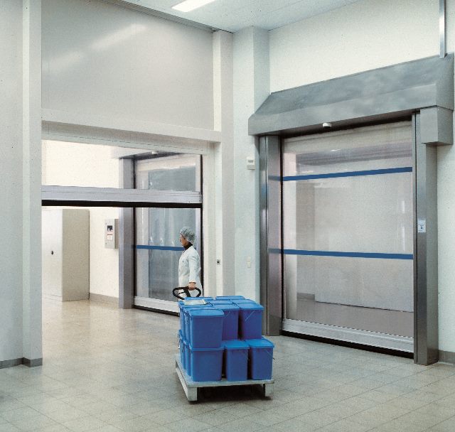 تجدر الإشارة إلى أن تنقية الهواء في الغرف النظيفة يمكن أن تؤدي إلى فارق ضغط يصل إلى 50 باسكال. ولذلك، تم دمج الستارة الشفّافة تمامًا التي يحتوي عليها هذا الباب المثالي لتوفير غرف نظيفة بإحكام في الموجّهات الجانبيّة الخاصة. وهذا من شأنه أن يقلل من فقدان (تسرب) الهواء ويتيح تصميمًا أمثل لأنظمة التهوية. وبفضل ما يتسم به هذا الباب من وحدة تحكم في محول التردد (FU)، تبلغ سرعة الفتح والإغلاق القصوى 1.5 م/ث و0.5 م/ث، على التوالي.
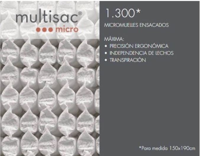 • Adaptabilidad total: sus 1.300 micromuelles Multisac® Micro se ajustan punto por punto al contorno del cuerpo, ofreciendo soporte individualizado.
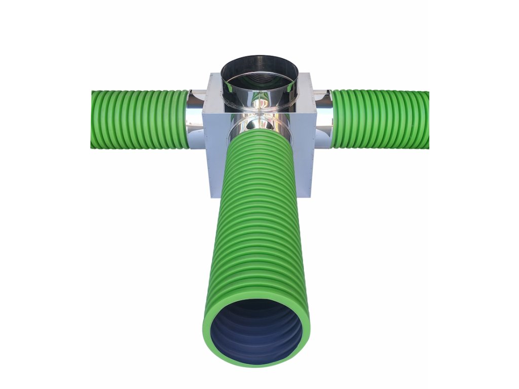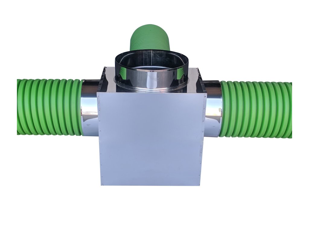 🟢 Výmenník tepla zem-voda sa používa v moderných mechanických vetracích systémoch s rekuperáciou tepla, kde je nevyhnutná efektívna výmena tepla so zemou.
◇ ◇ ◇ ◇ ◇ ◇ ◇
- Work request
Print the stretch of the data from the line with "ofreciendo soporte individualizado." through its last line, exactly and with both ends kept. Omit pictures.

- Output of the exercise
 • Adaptabilidad total: sus 1.300 micromuelles Multisac® Micro se ajustan punto por punto al contorno del cuerpo, ofreciendo soporte individualizado.
 🟢 Výmenník tepla zem-voda sa používa v moderných mechanických vetracích systémoch s rekuperáciou tepla, kde je nevyhnutná efektívna výmena tepla so zemou.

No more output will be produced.